I knew my great-great-grandfather, Clifford, was the captain of a Chinese tea clipper and a Civil War blockade runner, so either option was a possibiliy. Last week I finally got a chance to check my grandparents' teeth and, as it turns out, my paternal grandfather's grandmother was related to one of the followers of Sitting Bull.
Now this is cool.
Conveniently enough, it's also Native American month over at Multiculturalism for Steampunk, which is probably part of what got me thinking more deeply about it.
You see, it's also a little startling because I've never thought of myself as having any Native American blood -- and also because I've read Boas and Sapir and Whorf and to ascribe excessive significance to an ethnicity goes against everything I've been taught for four years at university.

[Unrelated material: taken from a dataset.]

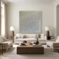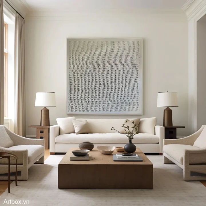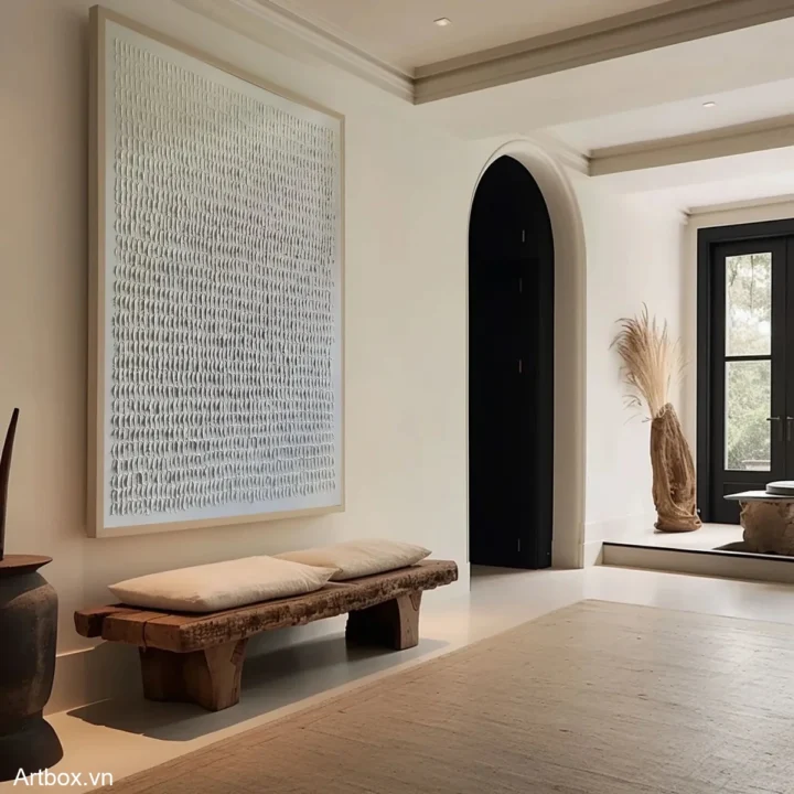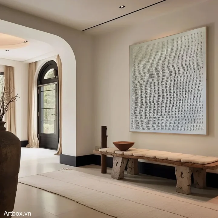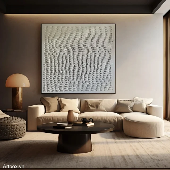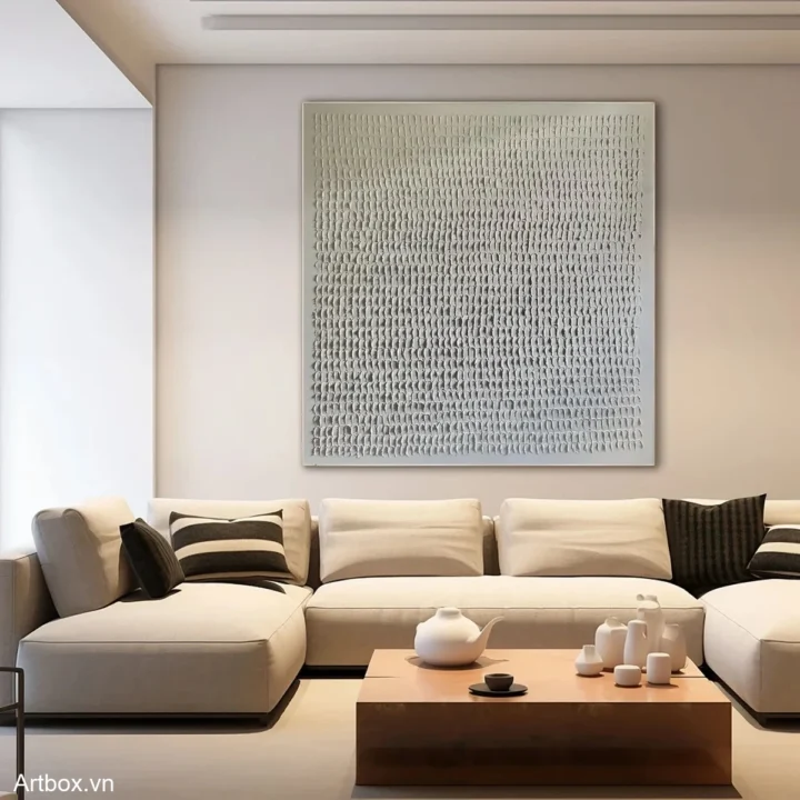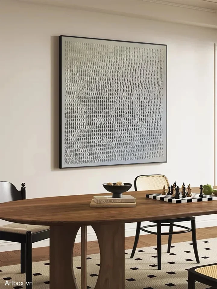 Bức tranh này là một tác phẩm trừu tượng với những đường nét nổi bật, tạo ra một không gian tĩnh lặng và thư giãn. Màu xám chủ đạo mang đến cảm giác nhẹ nhàng, thanh thoát, đồng thời thể hiện sự hiện đại và tối giản. Các chi tiết texture nổi được khéo léo sắp xếp, tạo chiều sâu và sự phong phú cho bức tranh, khiến người xem cảm nhận được sự chuyển động nhẹ nhàng trong tĩnh lặng. Đây là một tác phẩm lý tưởng cho không gian phòng khách hoặc phòng làm việc, nơi mà sự tập trung và bình yên được đề cao.

Further ponderings after the jump.
Purty! But rather weird. I normally don't go that asymmetrical, largely because M doesn't like it. I'm actually going to switch out the bead for a button that pulls the nice brassy yellow over to that side of the necklace. Great customer, by the way; when I asked if she wanted any specific colors she said brownish metallics with possibly some rust, mustard or maybe green. That is an awesome way to commission a piece. Tells me exactly what sort of corroded metal tone is being asked for, there are just SO many shades of it, but here I knew what she had in mind ... Hooray! I can't get a photo that shows how cool that jeweled button above the hinge is: it's got this lovely smoky silver depth ...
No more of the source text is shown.